Per realizzare un'azienda aperta infatti c'è bisogno di un cambiamento anche nella gestione dei flussi produttivi. Non ci vuole molto, basta che i manager rinunciano alla loro "voglia di controllo totale a favore di un sistema che dia degli obiettivi e un tempo entro cui realizzarli", commenta Catchlove. La strada per raggiungere l'obiettivo dovrebbe essere affidata alle scelte del dipendente. Come all'università insomma dove si conosce la data dell'esame ma poi ognuno gestisce come vuole il tempo dedicato allo studio o alle altre attività.
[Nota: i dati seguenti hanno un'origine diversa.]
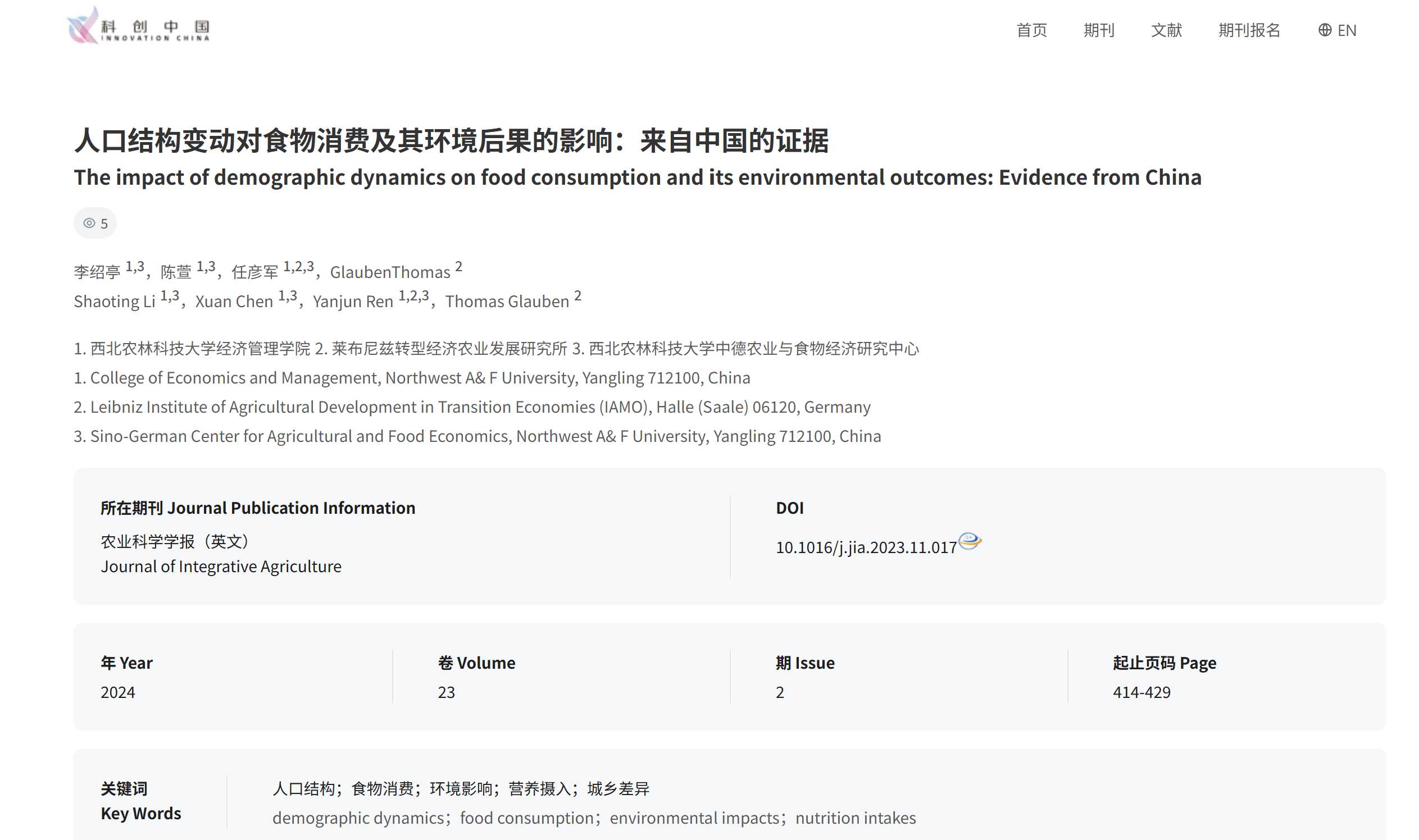 任彦军教授团队在《农业技术经济》发表最新研究成果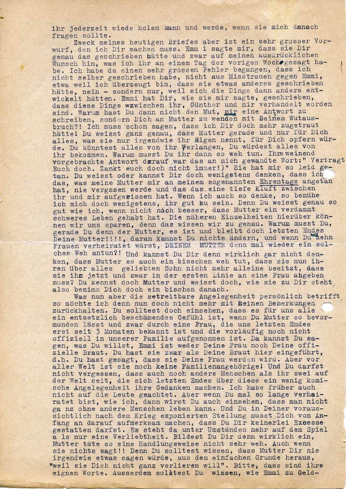 Zweck meines heutigen Briefes aber ist ein sehr großer Vorwurf, den ich Dir machen muss. Emmi sagte mir, dass sie Dir genau das geschrieben hätte und zwar auf meinen ausdrücklichen Wunsch hin, was ich ihr an einem Tag der vorigen Woche gesagt habe. Ich habe da einen sehr großen Fehler begangen, dass ich nicht selber geschrieben habe, nicht aus Misstrauen gegen Emmi, etwa weil ich überzeugt bin, dass sie etwas anderes geschrieben hätte, nein – sondern nur, weil sich die Dinge dann anders entwickelt hätten. Emmi hat Dir, wie sie mir sagte, geschrieben, dass diese Dinge zwischen ihr, Günther und mir verhandelt worden sind. Warum hast Du dann nicht den Mut, mir eine Antwort zu schreiben, sondern Dich an Mutter zu wenden mit Deinem Wutausbruch?! Du Weißt genau, dass Mutter gerade und nur für Dich alles, was sie nur irgendwie ihr eigen nennt, für Dich opfern würde. Du könntest alles von ihr Verlangen, Du würdest alles von ihr bekommen. Warum musst Du ihr dann so weh tun. Ihre weinend vorgebrachte Antwort darauf war das an mich gewandte Wort: „Vertragt Euch doch. Zankt euch doch nicht immer!“ Sie hat mir so leid getan. Du weißt oder kannst Dir doch wenigstens denken, dass ich das, was meine Mutter mir an meinem sogenannten Ehrentage angetan hat, nie vergessen werde und dass das eine tiefe Kluft zwischen ihr und mir aufgerissen hat. Wenn ich auch so denke, so bemühe ich mich doch wenigstens, ihr gut zu sein. Denn Du weißt genau so gut wie ich, wenn nicht noch besser, dass Mutter ein verdammt schweres Leben gehabt hat. Die näheren Einzelheiten hierüber können wir uns sparen, denn das wissen wir zu genau. Warum musst Du, gerade Du denn der Mutter, es ist und bleibt doch letzten Endes Deine Mutter ! ! ! !, daran kannst Du nichts ändern, und wenn Du mit zehn Frauen verheiratet wärst, DEINER MUTTER denn mal wieder ein solches Weh antun?! Und kannst Du Dir denn wirklich gar nicht denken, dass Mutter es auch ein bisschen weh tut, dass sie nun ihren über alles geliebten Sohn nicht mehr alleine besitzt, dass sie ihn jetzt und zwar in der ersten Linie an eine Frau abgeben muss? Du kennst doch Mutter und weißt doch, wie sie zu Dir steht, also benimm Dich doch ein bisschen danach.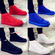 春夏2017新品韩版铆钉男士高帮鞋子增高夜店CL红底板鞋子水钻潮鞋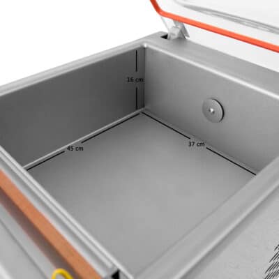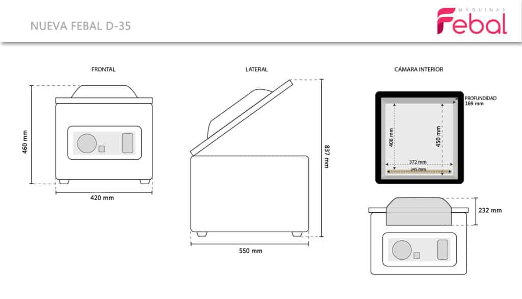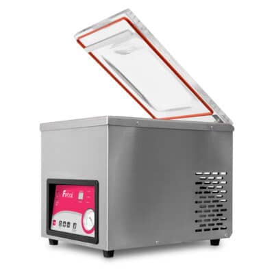 – Temporizador eletrónico para controlo do vácuo e selagem dos sacos.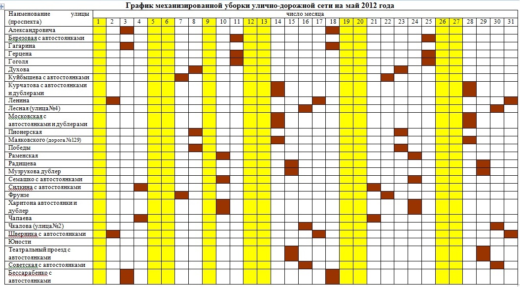 В департамент городского хозяйства утвержден график механизированной уборки территорий, за которые отвечает Дорожно-эксплуатационное предприятие. Работы должны начинаться в 8−00, заканчиваться не ранее 17−00.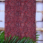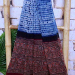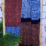 Ajrakh is usually found in Kutch (Gujarat) and Barmer (Rajasthan). Woodblock stamps are used to create different geometric patterns that are transferred onto the fabric using natural dyes, including vegetable and mineral dyes. The most common colours used include blue, red, black, yellow and green. One of the most common dyes used for this type of printing is indigo. Ajrak has been dated back to Mohenjo-daro, where the kings and royals have been shown wearing similar prints to those observed in ajrak patterns today. The beauty of ajrak is in its simplistic yet elegant patterns and natural texture. This is handblock print fabric with natural dyes so small differences in colour and irregularities in prints are normal and the beauty of the art.
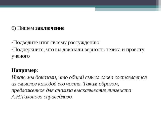 Как писать вывод по истории. Правила выводов в курсовой работе и реферате (выводы по главам, выводы в заключении)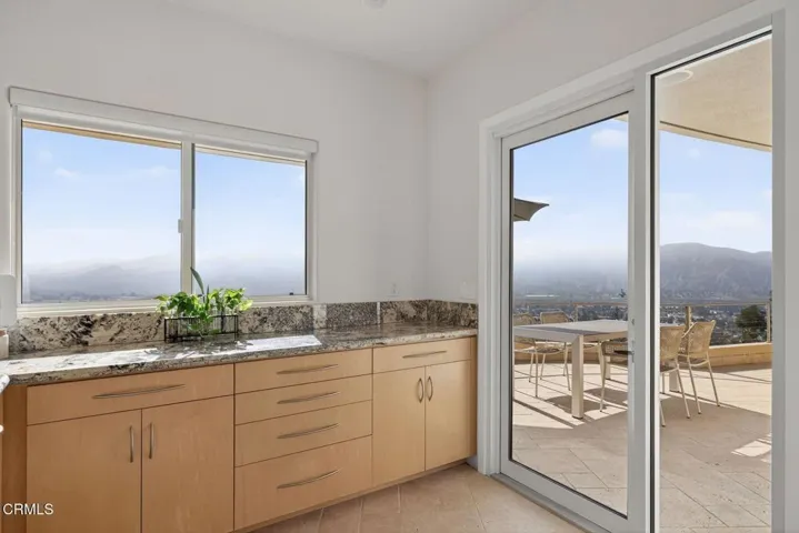 Tucked into the hillside of Santa Paula, 864 Montclair is a breathtaking, one-of-a-kind example of Frank Lloyd Wright’s organic architecture. Designed by Wright’s protege, Richard Martinez, the home embodies harmony between structure and nature–built into the mountain, not atop it. Its curved design follows the natural hillside, creating a serene flow with the land and offering sweeping views of Santa Paula, the surrounding mountains, and the ocean.The main level welcomes you with dramatic floor to ceiling windows, allowing light to cascade throughout. Skylights flood the home with natural daylight, illuminating the primary spaces and the lower level below. The entry-level primary suite and bathroom features a fireplace and a walk-through closet, designed for comfort and tranquility.Downstairs, three additional bedrooms each have dedicated bathrooms, providing privacy and retreat. A four-car garage with a custom turntable honors Santa Paula’s car culture. From the expansive balcony, enjoy views of small planes landing and taking off, adding to this hillside sanctuary’s charm.Never before offered for sale, this extraordinary home has been lovingly maintained by its original owners. Photos cannot capture the remarkable light, intentional design, or peaceful energy that make this residence truly unique.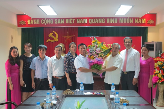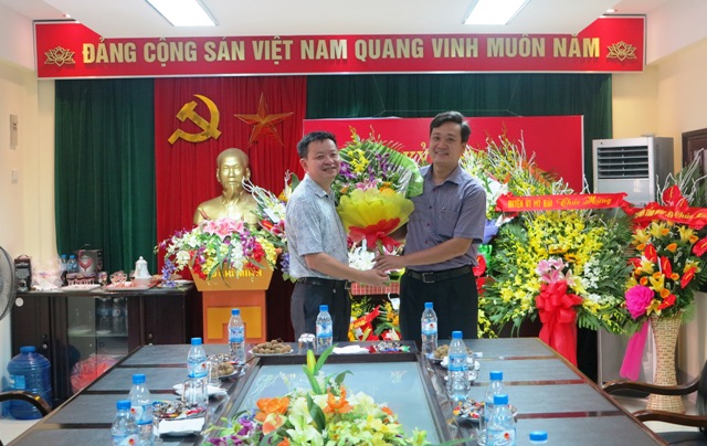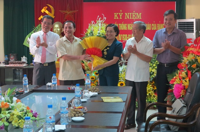 Đồng chí Đỗ Tiến Sỹ tặng hoa chúc mừng cán bộ, nhân viên Ban Tuyên giáo Tỉnh ủy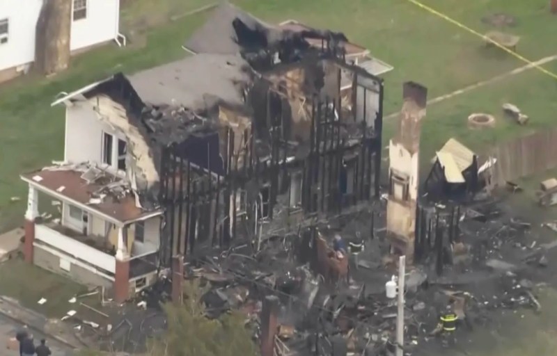 Neighbor Jack Mull said he saw the flames when he stepped outside to have a cigarette early Wednesday, just after midnight. He screamed at his daughter to call 911 and raced to get a ladder. He told reporters he saw the children’s mother, Miranda John, standing on a rear roof with a small child.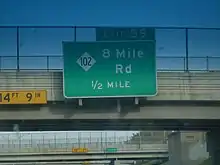 8 Mile Road exit sign on I-75, at 7 Mile Road in Detroit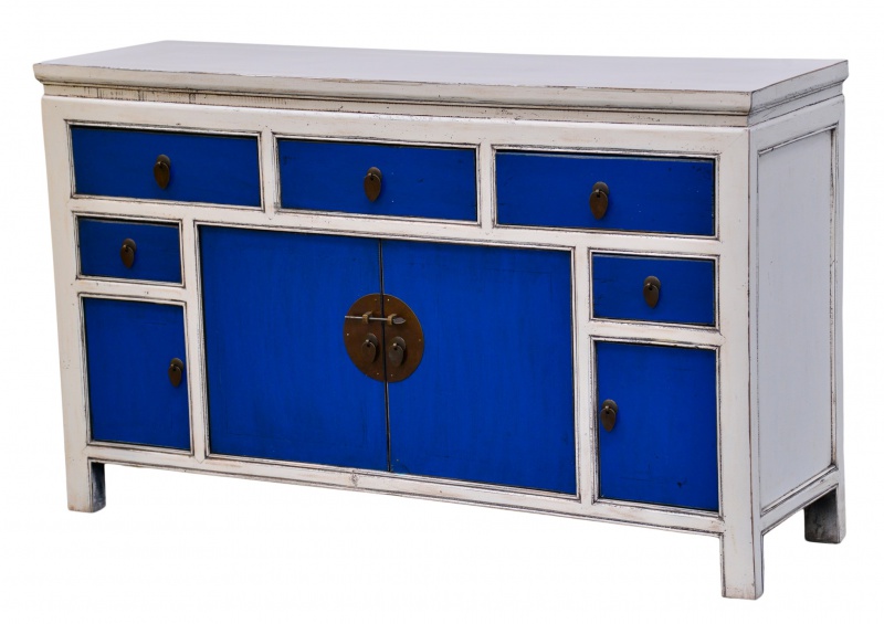 Skříňka z masivního dřeva v bílé barvě, doladí vaši ložnici či obývací pokoj k dokonalosti. Zajímavě řešené úložné prostory i dokonalá kombinace s ostře modrou barvou zajistí, že se vám skříňka neokouká a při každém pohledu na ni se do ní znovu a znovu zamilujete. Provence komodu s pěti zásuvkami a úložným prostorem s dvířky dolaďují kovové úchyty, které tento kousek dovedly k dokonalosti.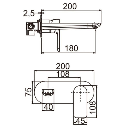 VOG Chrome Bathtub/Basin Wall Mixer With Spout(color up)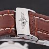 Back: Screw-back, Solid 440-grade stainless steel. Gender: Men Movement: Quartz (Battery) Quality: Japanese Miyota Color: Marrone Case: Solid forged case construction, 440-grade stainless steel. Bracelet: Warm mahogany colored high-grade leather in a crocodile pattern, with heavy white cotton stitching. Tan inner band is embossed with the Breitling name and logo, and has a steel buckle closure. Bracelet Length: 215 x 22 mm Bezel: Solid 440-grade stainless steel. Band Type: Pelle Diameter: 53 x 45 mm Chronograph: Si Watch Clasp: Flip Clasp Glass: Sapphire Crystal Crown: One piece solid screw-down crown. Case Thickness: 17 mm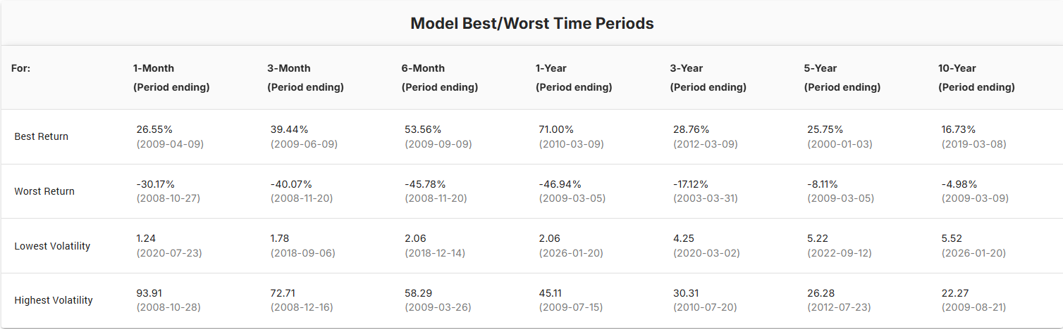 When setting the target volatility, it’s helpful to review shorter-term volatility measures (such as 1-year, 3-year, and 5-year), as well as historical worst-case periods. See below.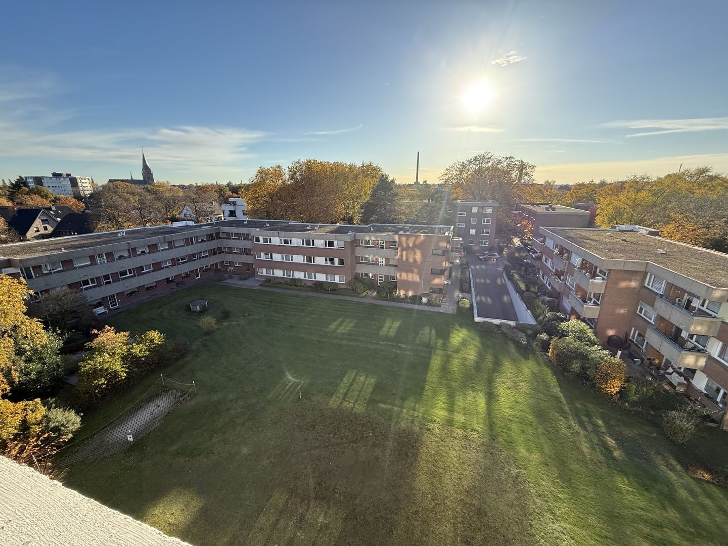 Bereits beim Betreten des Grundstücks empfängt Sie ein äußerst gepflegtes und durchdachtes Erscheinungsbild dieser Immobilie. Die neue Haustür- und Klingelanlage des ursprünglich um 1973 errichteten Gebäudes vermittelt ein modernes Wohngefühl. Saubere Mülltonnenanlagen, Abstellmöglichkeiten für Fahrräder und eine Rampe, mithilfe welcher Sie die 5 Stufen zum Haus auch barrierefrei überwinden können, bilden den ersten Eindruck. Ihre Wohnung im 5. Obergeschoss erreichen Sie sowohl über das helle und breite Treppenhaus, als auch mit dem kürzlich erneuerten Aufzug. Auf Ihrer Etage führt ein separater Flur für 4 Wohnungen Sie zu Ihrem Eingang.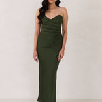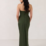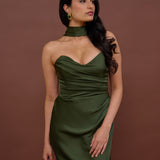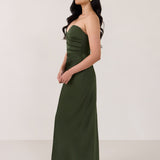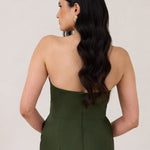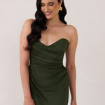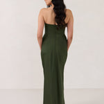 Designed with a scoop sweetheart neckline and soft pleating through the boned bodice and skirt, this dress creates a sleek, feminine silhouette. Elegant and timeless, it’s an ideal choice for weddings, receptions, or any formal occasion.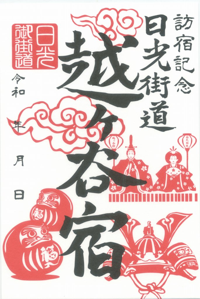 日光街道の宿場."恐れ入谷の鬼子母神"と同じように,"そうか越谷千住の先よ"と使われる.日光街道・日光西街道30宿の宿場印は,各所の名所をちりばめている.越ヶ谷宿では,2日目大里名産のダルマとひな人形,五月飾りの兜が描かれている.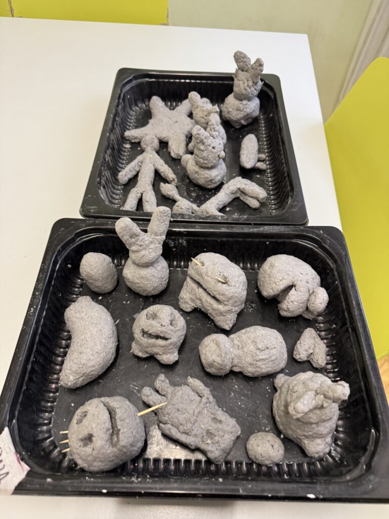 - Natur & Modellieren: Wir haben bereits Figürchen aus Ästen gestaltet und mit Modellierton und Pappmache phantasievolle Skulpturen erschaffen.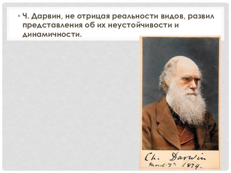 Слайд 6Ч. Дарвин, не отрицая реальности видов, развил представления об их неустойчивости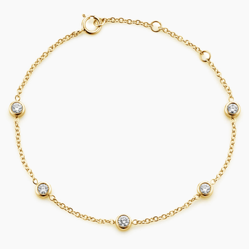 FirstMadam basit tasarım katı 14K gerçek altın beş elmas çerçeve bilezik

Con un sistema del genere si supererebbe la paura di vedere i dipendenti su Facebook come dei perdigiorno, il tablet o lo smartphone permetterebbero di lavorare ovunque ma sempre all'interno dell'azienda. Anche in bagno, " un'altra insospettabile fucina di idee geniali", come nota Ella. " Dati alla mano, chi siede vicino al bagno produce più degli altri perché si prende più spesso delle pause e soprattutto incontra gli altri", conclude.
Tutti gli amanti delle pantofole si rassegnino: in ufficio si produce di più e si sta meglio e per staccare basta andare alle macchinette del caffé. O al bagno.